23 Home Exercises

Instructions

The at-home exercises should be completed using Posit cloud, Home Exercise 5. Create a new .Rmd file (use File -> New File -> R Notebook.

I advise saving the new file straight away. Because you’ll submit this file as an assignment, use a standardised name: lastname_firstname5. Regularly re-save the file.

When you have finished the exercise (or part of it), ‘knit’ the file. Export the .Rmd and the html as a .zip file, and upload this to the assignment area.

Task

Load the Bellevue Almshouse dataset we used a few weeks ago, which can be found in this project files tab. Load the Tidyverse library

Create a series of charts using ggplot2, visualising the following aspects of the data. In most cases, you’ll need to prepare the data by filtering and/or summarising. Create each one in a separate code cell.

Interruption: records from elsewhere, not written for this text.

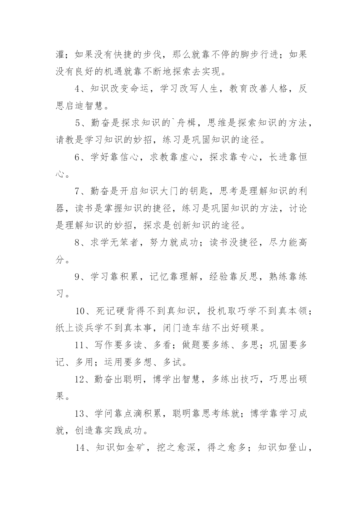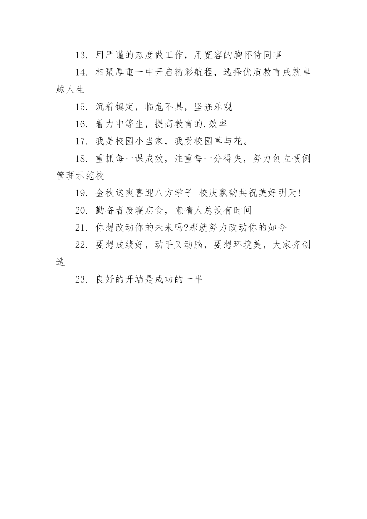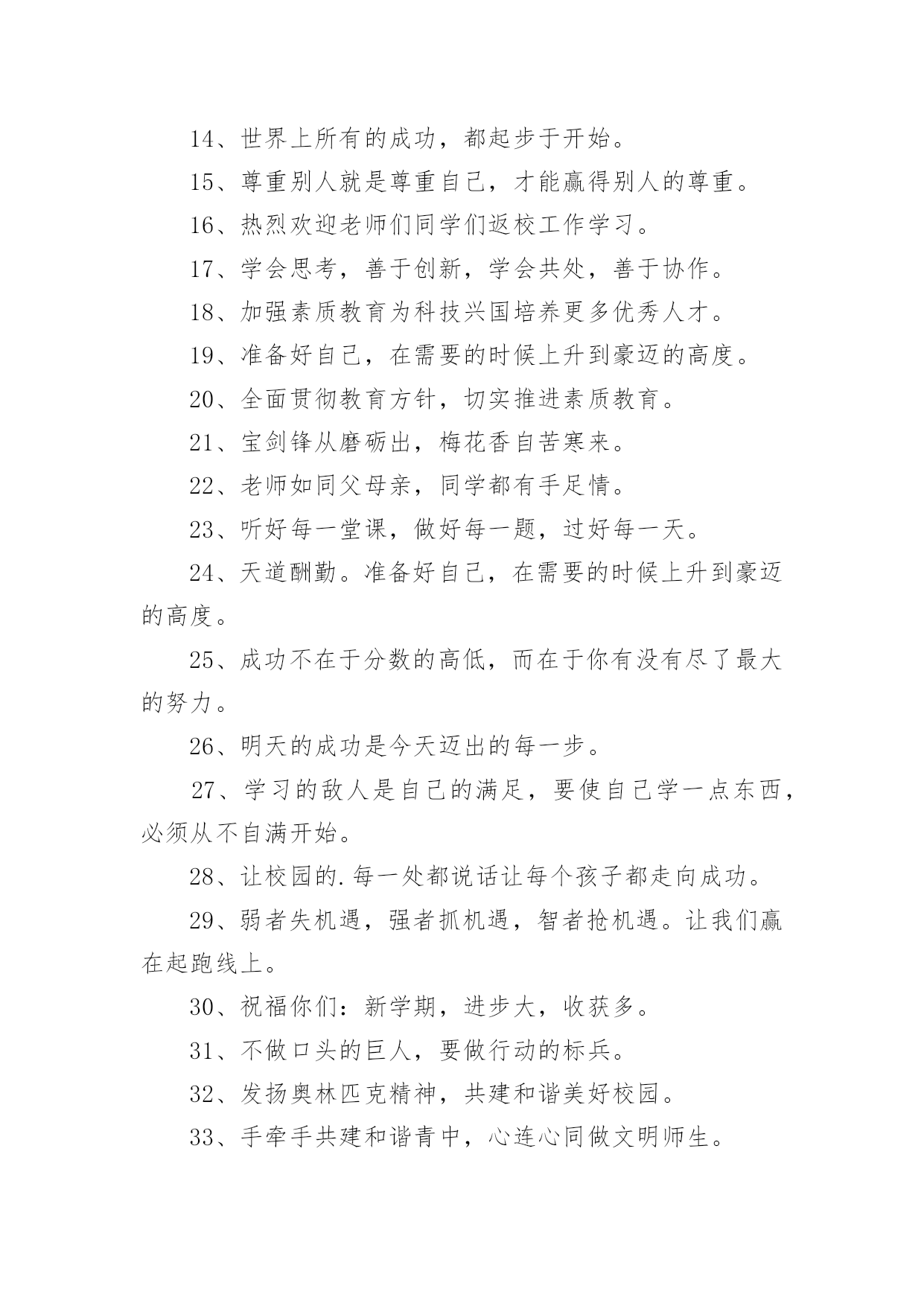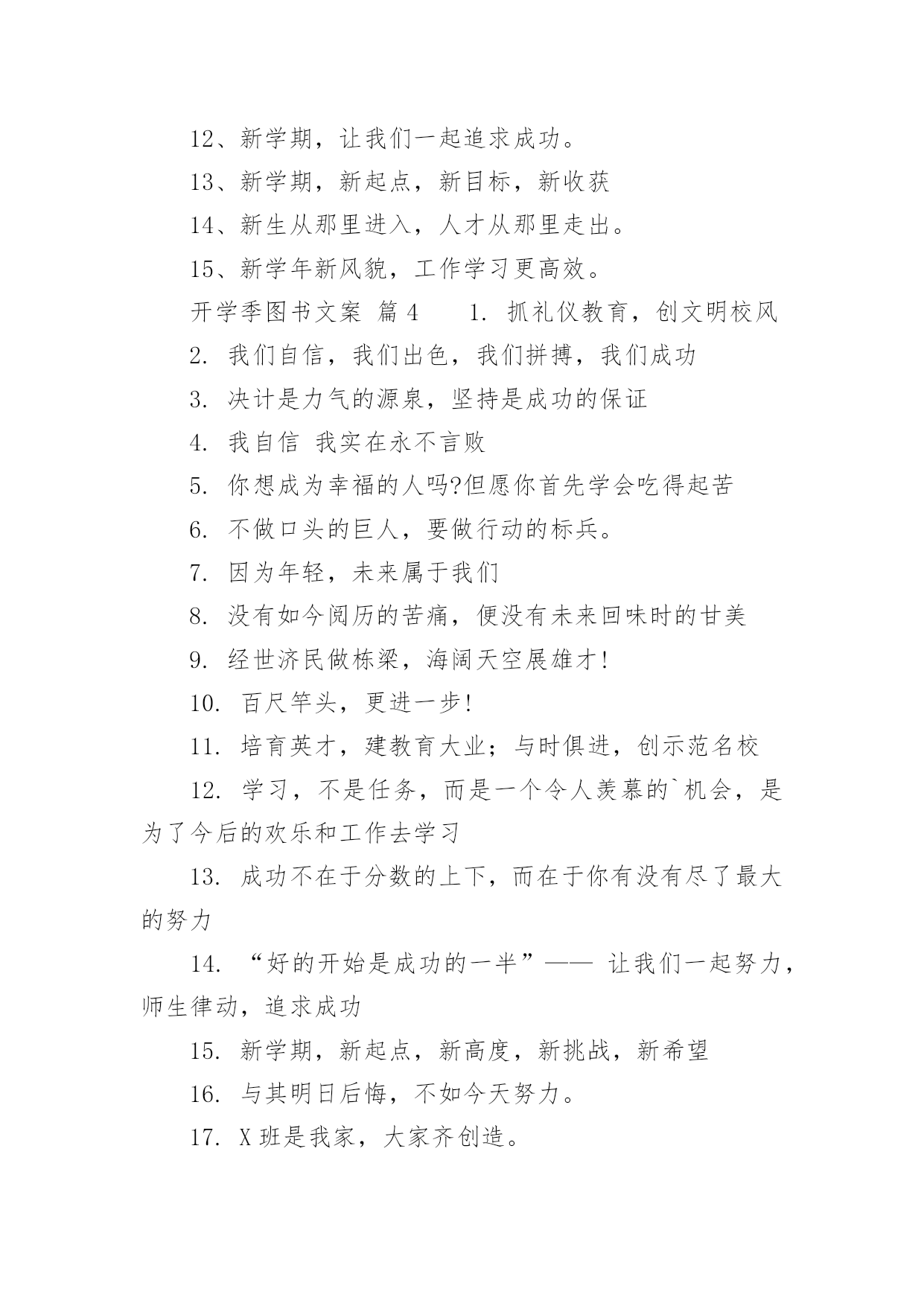 开学季图书文案开学季图书文案随着社交网络和信息技术的迅猛发展,大家都经常接触到文案吧,文案用于分享自己的生活状态。那些火遍朋友圈的文案都是什么样的呢?以下是小编整理的开学季图书文案,希望能够帮助到大家。开学季图书文案篇11、新学年新风貌,工作学习更高效。2、要想成绩好,动手又动脑,要想环境美,大家齐创造。3、与雄心壮志相伴而来的,应是老老实实循序渐进的学习方法。4、脚踏实地搞复习,胸有成竹迎挑战。5、新的学年,新的起点,新的复出,新的收获。6、找方法才能成功,找借口只有失败。7、让校园的每一处都说话。让每个孩子都走向成功。8、抓住机遇,珍惜时光,奋力拼搏,誓夺高分。9、对待学习要有严禁的态度,敢于面对,敢于接受,敢于拼搏才会成功。10、信心是力量的源泉,坚持是成功的保证。11、你想改变你的未来吗?那就努力改变你的现在。12、新学年,新起点,新高度,新挑战,新希望。13、诚信严谨继往开来,求实创新再创辉煌。14、世界上所有的成功,都起步于开始。15、尊重别人就是尊重自己,才能赢得别人的尊重。16、热烈欢迎老师们同学们返校工作学习。17、学会思考,善于创新,学会共处,善于协作。18、加强素质教育为科技兴国培养更多优秀人才。19、准备好自己,在需要的时候上升到豪迈的高度。20、全面贯彻教育方针,切实推进素质教育。21、宝剑锋从磨砺出,梅花香自苦寒来。22、老师如同父母亲,同学都有手足情。23、听好每一堂课,做好每一题,过好每一天。24、天道酬勤。准备好自己,在需要的时候上升到豪迈的高度。25、成功不在于分数的高低,而在于你有没有尽了最大的努力。26、明天的成功是今天迈出的每一步。27、学习的敌人是自己的满足,要使自己学一点东西,必须从不自满开始。28、让校园的.每一处都说话让每个孩子都走向成功。29、弱者失机遇,强者抓机遇,智者抢机遇。让我们赢在起跑线上。30、祝福你们:新学期,进步大,收获多。31、不做口头的巨人,要做行动的标兵。32、发扬奥林匹克精神,共建和谐美好校园。33、手牵手共建和谐青中,心连心同做文明师生。34、问候一声家长您辛苦了,祝师弟学业有成。35、新学期,新举措,师生共进,拼搏才能收获。36、多为成功找办法,别为失败找理由。37、新的学年,新的起点,新的付出,新的收获。38、重德重才,潜心造就新一代;重教重学,全面培育栋梁才。39、树文明新风,做文明师生,创文明校园。40、我是校园小当家,我爱校园草与花。41、新学期开始了,欢迎回来,同学们。42、用尊重的态度对老师,用欣赏的眼光对学生。43、祝福你,新学期,进步多多,收获多多。44、用严谨的态度做工作,用宽容的胸怀待同事。45、听听激动,想想感动,不如马上行动。46、新学期,新举措,师生共进,撒汗才能收获。47、高目标,高要求,教学相长,拼搏方可成才。48、没有现在经历的苦痛,便没有未来回味时的甜蜜。49、园丁遍栽桃李树,学子尽作栋梁才。50、前有标兵,后有追兵,远抛追兵,勇超标兵。开学季图书文案篇21、新学期,新起点,新面貌,新气象!2、一年之计在于春,一天之计在于晨,一(学)期之计在于勤!3、如果我们没有天才的头脑,那么就靠勤劳的双手去奋斗;如果我们没有过人的才智,那么就用辛勤的汗水去浇灌;如果没有快捷的步伐,那么就靠不停的脚步行进;如果没有良好的机遇就靠不断地探索去实现。4、知识改变命运,学习改写人生,教育改善人格,反思启迪智慧。5、勤奋是探求知识的`舟楫,思维是探索知识的方法,请教是学习知识的妙招,练习是巩固知识的途径。6、学好靠信心,求教靠虚心,探求靠专心,长进靠恒心。7、勤奋是开启知识大门的钥匙,思考是理解知识的利器,读书是掌握知识的捷径,练习是巩固知识的方法,讨论是理解知识的妙招,探求是创新知识的途径。8、求学无笨者,努力就成功;读书没捷径,尽力能高分。9、学习靠积累,记忆靠理解,经验靠反思,熟练靠练习。10、死记硬背得不到真知识,投机取巧学不到真本领;纸上谈兵学不到真本事,闭门造车结不出好硕果。11、写作要多读、多看;做题要多练、多思;巩固要多记、多用;运用要多想、多试。12、勤奋出聪明,博学出智慧,多练出技巧,巧思出硕果。13、学问靠点滴积累,聪明靠思考练就;博学靠学习成就,创造靠实践成功。14、知识如金矿,挖之愈深,得之愈多;知识如登山,攀之愈高,望之愈远。15、巧思妙想出灵感,实践探索出成果。16、如果说学习有捷径可走,那么它就是勤奋;如果说知识就是力量,那么它就是实践。17、学习不能好高骛远,须一步一个脚印;进步不能一步登天,须一步一级台阶。18、知识是智慧的火炬,勤奋是智慧的钥匙,智慧是思考的火花,创新是智慧的结晶。19、读书长知,思考长智,虚心长识,应用长技。20、不读书则愚,不思考则浅;不多练则生,不巧用则钝。开学季图书文案篇3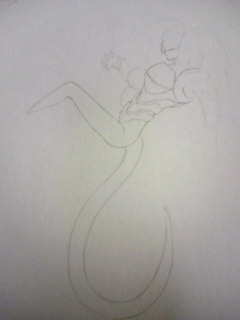 線で大雑把なあたりを描いた上から装甲を描いてます。 描き途中を見た弟は「リャナンシー?」といった。 違う、これ髪じゃなくて尻尾。 尻尾で立っているように見えるかもしれないけど違うから!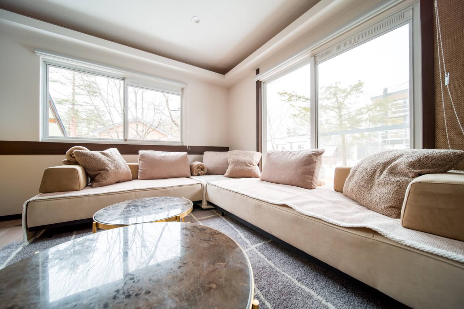 The living room is beautifully furnished with modern sofas and dining for everyone to relax, and a couple of breakfast stool at the kitchen counter.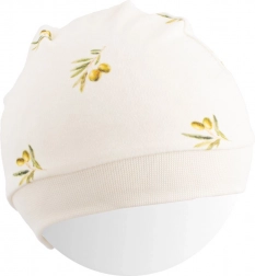 Stilska in mehka otroška kapa New Baby Olive je izdelana iz 100% organskega bombaža, ki je izjemno prijeten na otip, dobro diha in je idealen za vsakodnevno nošenje. Tisk z olivami doda igriv videz, medtem ko širši rob zagotavlja udobje brez neprijetnega pritiska na glavico.

The number of male and female individuals. First filter out any missing or ambiguous data.
The ten most frequent diseases (look back to previous weeks for this one)
The ten most frequent female first names.
The distribution of the values for age, for male and female gender categories.
Create a line chart visualising the number of individuals admitted per week.

Tip

The function floor_week(unit = 'week') will take a full date and round it down to the start of the week (starting on Sunday, because it’s American). So for example, running floor_week on today’s date and tomorrow’s date (2024-10-07 and 2024-10-08) would give 2024-10-06 for both.

Try creating a new column with the ‘floored’ dates, and then summarise using these as groups.

Do the same except using months instead of weeks, and visualise male and females separately.
Use a similar approach to make a scatterplot, but set the colors of the points to gender

Final challenge:

You’ve been asked to visualise the professions in the dataset, as a bar chart. Let’s take a look at a summary of this data first (this is not live code):

library(dplyr)
library(readr)

bellevue_dataset = read_csv('bellevue_almshouse_modified.csv')

bellevue_dataset |>
  group_by(profession) |>
  summarise(n = n()) |>
  arrange(desc(n))

As you can see, there are far too many professions listed to visualise as individual bars. How would you solve this? Try to think of a solution to this - you could use another visualisation method, or re-organise/rename the data to have a pragmatic solution.

If you can’t code the solution, you can simply write a description of what you would like to do, and we can try to solve it in the class!